Loop control (advanced)
| Flag | Description |
|---|---|
--max-steps-per-turn <N> |
Maximum LLM steps per user turn. Default: from config (100). |
--max-retries-per-step <N> |
Maximum retries on a failed step. Default: from config (3). |
--max-ralph-iterations <N> |
Extra iterations in Ralph (autonomous) mode. -1 = unlimited. Default: 0. |
Diagnostics
| Flag | Description |
|---|---|
--verbose |
Print verbose runtime information. |
--debug |
Enable debug-level logging. |
--version / -V |
Print version and exit. |
Subcommands
| Command | Description |
|---|---|
info |
Show version and wire protocol information. |
mcp |
Manage MCP server configurations. |
Web UI integration (KIMI_WEB_WORKER_ARGS)
When kimi web (the Python web server) detects hero_kimi_agent on PATH, it spawns it as the worker subprocess for each session. The web server always passes --work-dir and --session; all other flags come from the KIMI_WEB_WORKER_ARGS environment variable.
Set KIMI_WEB_WORKER_ARGS before starting the web server to forward any combination of the flags above:
# Use a specific model
KIMI_WEB_WORKER_ARGS="--model groq/gpt-oss-120b" uv run kimi web --personality blue
# Disable thinking mode
KIMI_WEB_WORKER_ARGS="--no-thinking" uv run kimi web --personality blue
# Load a custom agent file and point to a specific skills directory
KIMI_WEB_WORKER_ARGS="--agent-file /path/to/agent.yaml --skills-dir /path/to/skills" \
uv run kimi web --personality blue
# Use an alternate config file
KIMI_WEB_WORKER_ARGS="--config-file /path/to/config.toml" uv run kimi web --personality blue
# Add an MCP server
KIMI_WEB_WORKER_ARGS='--mcp-config-file /path/to/mcp.json' uv run kimi web --personality blue
# Auto-approve all tool calls (yolo mode)

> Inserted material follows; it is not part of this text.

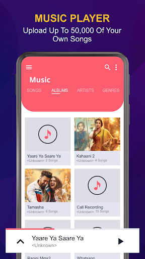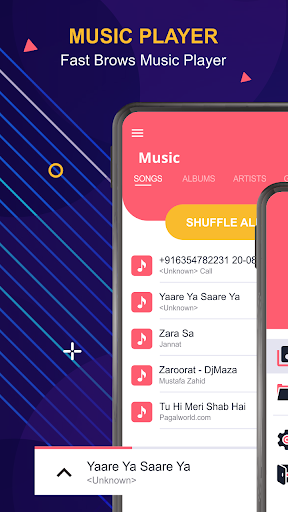 Control of all features in a single with pagination feature in which users can swipe to interact with Playlist, Songs List, Album, Artist, and Folder of all tracks. You can manage your music files easily, Search feature helps to find all the music on your phone in simple listings.

KIMI_WEB_WORKER_ARGS="--yolo" uv run kimi web --personality blue
# Combine multiple flags (use shell quoting as normal)
KIMI_WEB_WORKER_ARGS="--model groq/gpt-oss-120b --no-thinking --yolo --skills-dir ~/myskills" \
uv run kimi web --personality blue
KIMI_WEB_WORKER_ARGS is parsed with shlex rules (same as a shell command line), so spaces inside quoted strings are handled correctly.
Note:
KIMI_WEB_WORKER_ARGSonly affects the Rusthero_kimi_agentworker. Ifhero_kimi_agentis not onPATH, the web server falls back to the Python worker, which ignores this variable and reads all settings from~/.kimi/config.toml.
Test
cargo test # all
cargo test -p hero_kimi_agent # agent
cargo test -p kosong # LLM abstraction
cargo test -p kaos # OS abstraction
Deferred-MCP-tools proof tests
The context savings from generic MCP dispatch are backed by tests that run the real code path (KimiToolset::tools() and kosong's real wire encoder) and measure the exact bytes sent in the request tools[] array:
# Offline: matcher, bounded/O(1) index, search result cap, dispatch-not-listed, and a
# byte-for-byte flatness measurement over captured real schemas (also a regression guard).
cargo test -p hero_kimi_agent --lib deferred_tests
cargo test -p hero_kimi_agent --lib token_proof -- --nocapture
# Live end-to-end: connects real MCP servers over stdio (needs npx + network) and
# captures the literal tools[] + system prompt the agent transmits through kosong::step.
# Self-skips unless the env var is set, so the default suite stays offline.
KIMI_LIVE_MCP_PROOF=1 cargo test -p hero_kimi_agent --lib live_proof -- --nocapture
Workspace
| Crate | Purpose |
|---|---|
hero_kimi_agent |
Main binary — wire server, tools, agent loop, MCP |
kosong |
LLM abstraction — messages, tool schemas, providers |
kaos |
OS abstraction — LocalKaos, path semantics |
Relationship to Python
This repo is a Rust rewrite of the Python kimi-cli runtime. The two must stay compatible on wire protocol, message formats, ~/.kimi data layout, tool schemas, and all other externally observable behavior. Python is the source of truth.
The Python repo is pinned as a git submodule at kimi-cli/:
git submodule update --init
Version numbers must always match kimi-cli exactly.